It is quite a bit confusing so if you could specify the characteristics of your problem I could be more helpful.

@AkhilAshref
Copy link

@hadisaadat reduce ur learning rate and try for a few smaller learning rates. SHould solve ur problem

@ghost
Copy link

ghost commented Jul 9, 2018

@AkhilAshref , even i had the similar issue as @hadisaadat , mine worked after reducing the lr.

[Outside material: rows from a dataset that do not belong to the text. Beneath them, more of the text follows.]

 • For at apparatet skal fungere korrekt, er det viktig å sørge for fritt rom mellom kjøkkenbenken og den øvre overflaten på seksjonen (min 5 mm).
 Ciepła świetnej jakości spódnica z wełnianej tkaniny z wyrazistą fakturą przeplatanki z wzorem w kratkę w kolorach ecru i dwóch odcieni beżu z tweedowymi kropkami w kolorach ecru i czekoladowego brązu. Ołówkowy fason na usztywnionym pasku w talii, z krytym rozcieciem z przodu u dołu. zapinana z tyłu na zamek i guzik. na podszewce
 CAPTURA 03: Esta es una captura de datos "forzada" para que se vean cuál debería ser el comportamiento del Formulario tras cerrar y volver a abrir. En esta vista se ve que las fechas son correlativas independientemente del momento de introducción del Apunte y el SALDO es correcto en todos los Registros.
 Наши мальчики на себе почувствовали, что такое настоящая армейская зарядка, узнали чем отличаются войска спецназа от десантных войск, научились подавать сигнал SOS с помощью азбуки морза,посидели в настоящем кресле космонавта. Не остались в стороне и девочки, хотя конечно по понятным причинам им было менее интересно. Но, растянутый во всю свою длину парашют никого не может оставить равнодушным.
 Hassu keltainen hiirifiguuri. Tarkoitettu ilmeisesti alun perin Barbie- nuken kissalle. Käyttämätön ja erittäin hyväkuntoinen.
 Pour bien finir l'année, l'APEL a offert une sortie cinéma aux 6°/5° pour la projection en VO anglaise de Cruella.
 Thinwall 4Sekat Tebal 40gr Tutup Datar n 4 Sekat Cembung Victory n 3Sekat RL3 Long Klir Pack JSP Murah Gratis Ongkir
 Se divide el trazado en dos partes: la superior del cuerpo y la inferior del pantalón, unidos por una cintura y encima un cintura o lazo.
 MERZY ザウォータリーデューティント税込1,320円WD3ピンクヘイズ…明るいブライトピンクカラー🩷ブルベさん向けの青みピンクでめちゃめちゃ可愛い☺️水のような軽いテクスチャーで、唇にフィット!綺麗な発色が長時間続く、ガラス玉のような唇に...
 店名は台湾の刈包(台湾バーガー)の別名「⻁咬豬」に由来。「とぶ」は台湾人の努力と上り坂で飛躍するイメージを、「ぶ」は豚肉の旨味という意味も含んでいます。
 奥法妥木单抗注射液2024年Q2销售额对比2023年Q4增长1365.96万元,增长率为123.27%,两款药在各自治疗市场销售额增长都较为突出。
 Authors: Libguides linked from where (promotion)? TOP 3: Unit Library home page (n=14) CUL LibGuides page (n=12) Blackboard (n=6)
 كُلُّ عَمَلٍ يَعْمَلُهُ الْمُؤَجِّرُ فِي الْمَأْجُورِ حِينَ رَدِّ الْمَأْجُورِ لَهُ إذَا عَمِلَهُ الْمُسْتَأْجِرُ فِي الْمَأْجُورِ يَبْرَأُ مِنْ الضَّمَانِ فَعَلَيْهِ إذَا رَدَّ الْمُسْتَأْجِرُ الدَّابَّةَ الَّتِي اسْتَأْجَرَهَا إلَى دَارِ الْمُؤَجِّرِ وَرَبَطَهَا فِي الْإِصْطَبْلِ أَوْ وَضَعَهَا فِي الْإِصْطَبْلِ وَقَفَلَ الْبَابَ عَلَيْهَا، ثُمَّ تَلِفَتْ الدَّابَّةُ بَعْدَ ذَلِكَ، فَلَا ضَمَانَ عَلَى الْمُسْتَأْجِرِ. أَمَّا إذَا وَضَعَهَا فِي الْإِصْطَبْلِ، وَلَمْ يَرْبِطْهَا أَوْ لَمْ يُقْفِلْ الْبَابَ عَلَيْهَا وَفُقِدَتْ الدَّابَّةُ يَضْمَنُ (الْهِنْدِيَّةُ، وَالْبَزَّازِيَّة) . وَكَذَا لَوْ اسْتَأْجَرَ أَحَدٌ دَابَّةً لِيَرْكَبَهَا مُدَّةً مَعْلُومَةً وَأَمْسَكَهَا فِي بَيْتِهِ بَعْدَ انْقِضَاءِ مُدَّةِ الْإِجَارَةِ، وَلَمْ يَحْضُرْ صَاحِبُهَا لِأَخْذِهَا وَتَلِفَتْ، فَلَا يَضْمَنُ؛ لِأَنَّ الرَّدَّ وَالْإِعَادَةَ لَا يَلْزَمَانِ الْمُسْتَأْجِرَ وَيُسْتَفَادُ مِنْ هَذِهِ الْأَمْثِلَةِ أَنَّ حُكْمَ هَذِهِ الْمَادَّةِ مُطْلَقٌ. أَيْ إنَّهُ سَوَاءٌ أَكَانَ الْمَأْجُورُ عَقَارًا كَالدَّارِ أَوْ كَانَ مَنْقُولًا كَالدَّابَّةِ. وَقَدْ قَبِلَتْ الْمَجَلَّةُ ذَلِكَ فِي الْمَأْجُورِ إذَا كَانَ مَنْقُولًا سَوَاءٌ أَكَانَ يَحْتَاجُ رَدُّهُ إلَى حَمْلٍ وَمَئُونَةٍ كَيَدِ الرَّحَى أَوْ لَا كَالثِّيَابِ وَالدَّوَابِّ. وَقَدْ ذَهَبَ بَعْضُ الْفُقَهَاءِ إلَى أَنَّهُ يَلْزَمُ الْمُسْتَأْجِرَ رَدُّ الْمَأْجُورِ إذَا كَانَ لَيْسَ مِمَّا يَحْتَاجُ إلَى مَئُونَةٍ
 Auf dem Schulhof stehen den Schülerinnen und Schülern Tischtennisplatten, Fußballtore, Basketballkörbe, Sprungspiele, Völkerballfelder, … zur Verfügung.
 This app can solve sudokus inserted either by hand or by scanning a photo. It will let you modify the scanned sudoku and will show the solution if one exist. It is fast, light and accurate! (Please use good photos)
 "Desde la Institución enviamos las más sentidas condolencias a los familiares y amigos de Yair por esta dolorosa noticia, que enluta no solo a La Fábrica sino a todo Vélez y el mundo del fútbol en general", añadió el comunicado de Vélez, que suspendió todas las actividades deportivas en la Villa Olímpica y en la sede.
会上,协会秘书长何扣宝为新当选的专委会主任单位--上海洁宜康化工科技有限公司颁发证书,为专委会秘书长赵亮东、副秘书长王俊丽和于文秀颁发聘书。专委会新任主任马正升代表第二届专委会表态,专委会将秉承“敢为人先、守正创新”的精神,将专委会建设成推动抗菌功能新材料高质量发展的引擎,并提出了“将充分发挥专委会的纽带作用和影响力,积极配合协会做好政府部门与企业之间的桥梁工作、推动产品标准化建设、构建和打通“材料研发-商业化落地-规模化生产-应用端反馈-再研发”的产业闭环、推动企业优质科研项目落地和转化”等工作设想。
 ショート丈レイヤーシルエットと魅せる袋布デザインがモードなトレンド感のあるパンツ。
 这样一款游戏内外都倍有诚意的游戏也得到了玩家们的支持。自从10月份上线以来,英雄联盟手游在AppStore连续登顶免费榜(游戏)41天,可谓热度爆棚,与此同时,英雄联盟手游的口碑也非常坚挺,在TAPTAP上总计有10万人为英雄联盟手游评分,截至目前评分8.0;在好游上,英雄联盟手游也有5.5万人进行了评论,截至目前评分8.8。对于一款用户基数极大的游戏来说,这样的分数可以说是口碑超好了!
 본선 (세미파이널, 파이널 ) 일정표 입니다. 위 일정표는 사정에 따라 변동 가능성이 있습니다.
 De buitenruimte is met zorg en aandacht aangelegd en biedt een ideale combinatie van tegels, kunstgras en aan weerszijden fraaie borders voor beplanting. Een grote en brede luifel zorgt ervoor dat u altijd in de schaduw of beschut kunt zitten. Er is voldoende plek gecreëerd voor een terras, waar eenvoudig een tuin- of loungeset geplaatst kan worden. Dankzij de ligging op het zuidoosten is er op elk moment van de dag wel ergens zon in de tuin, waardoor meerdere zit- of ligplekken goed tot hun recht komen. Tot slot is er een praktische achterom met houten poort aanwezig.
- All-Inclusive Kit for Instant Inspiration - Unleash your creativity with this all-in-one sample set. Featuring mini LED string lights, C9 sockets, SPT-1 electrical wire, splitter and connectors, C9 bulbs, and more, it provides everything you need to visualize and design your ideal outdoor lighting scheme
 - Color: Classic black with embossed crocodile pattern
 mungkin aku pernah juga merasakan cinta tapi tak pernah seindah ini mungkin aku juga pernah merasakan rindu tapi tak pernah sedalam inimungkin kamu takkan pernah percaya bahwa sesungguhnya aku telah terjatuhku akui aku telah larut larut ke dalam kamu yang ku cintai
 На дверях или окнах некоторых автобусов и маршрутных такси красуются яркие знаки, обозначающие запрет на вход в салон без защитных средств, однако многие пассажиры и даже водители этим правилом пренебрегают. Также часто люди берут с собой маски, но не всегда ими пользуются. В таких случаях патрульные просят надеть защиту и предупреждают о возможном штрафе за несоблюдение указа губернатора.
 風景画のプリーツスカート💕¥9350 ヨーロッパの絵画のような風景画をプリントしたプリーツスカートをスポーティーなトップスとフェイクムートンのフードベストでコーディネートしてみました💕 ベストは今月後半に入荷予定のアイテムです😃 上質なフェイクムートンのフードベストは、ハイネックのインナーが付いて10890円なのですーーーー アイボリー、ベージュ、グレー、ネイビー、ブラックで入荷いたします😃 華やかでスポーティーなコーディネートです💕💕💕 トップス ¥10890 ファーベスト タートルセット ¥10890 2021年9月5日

But could you give a bit more detailed explanation as to why the gradient becomes zero.
Thanks

@amcneil1998
Copy link

@vishnu-zsf I'm having the same problem it seems, what optimizer/ learning rate did you use?

@ghost
Copy link

ghost commented Jul 11, 2018

@amcneil1998 , i used adam optimizer and settled on a learning rate of 0.0008 , . This was when i used 100,000 data samples and had 10 epochs. But later on when i tried to run with 30 epochs , i shifted to decaying learning rate, which after tuning for a while gave me satisfactory results. I'm pretty sure that the learning rate and all the parameters in the optimizer vary with the kind of data we have and the sheer magnitude of the features.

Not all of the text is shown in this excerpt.